ACTIVITY: Copy the listing exactly; drop the pictures.

--- INFORMATION SUPPLIED Enclosed Below ---

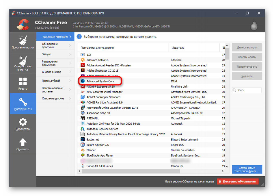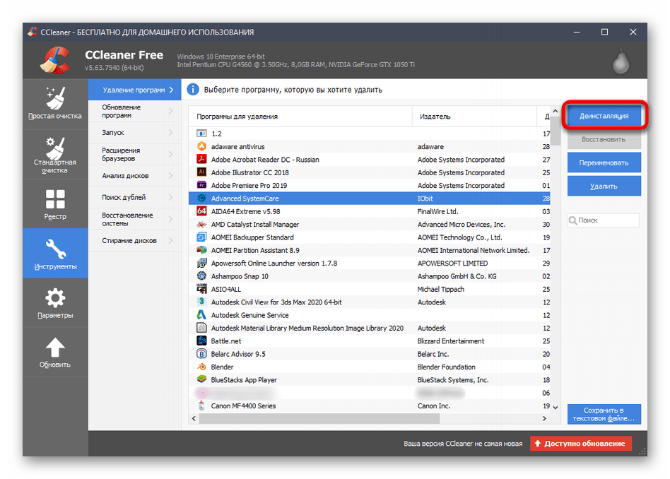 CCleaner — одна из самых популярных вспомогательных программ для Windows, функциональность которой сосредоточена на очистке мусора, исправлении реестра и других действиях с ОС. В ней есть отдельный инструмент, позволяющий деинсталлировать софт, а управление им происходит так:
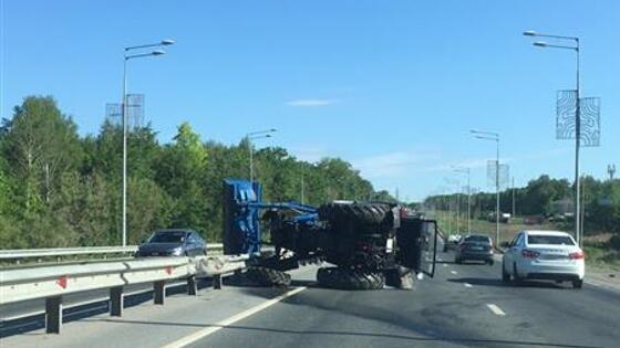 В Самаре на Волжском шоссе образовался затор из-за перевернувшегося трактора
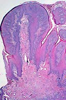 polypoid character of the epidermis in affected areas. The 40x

--- End of Enclosed INFORMATION SUPPLIED ---

RESULT OF THE TASK:
 CCleaner — одна из самых популярных вспомогательных программ для Windows, функциональность которой сосредоточена на очистке мусора, исправлении реестра и других действиях с ОС. В ней есть отдельный инструмент, позволяющий деинсталлировать софт, а управление им происходит так:
 В Самаре на Волжском шоссе образовался затор из-за перевернувшегося трактора
 polypoid character of the epidermis in affected areas. The 40x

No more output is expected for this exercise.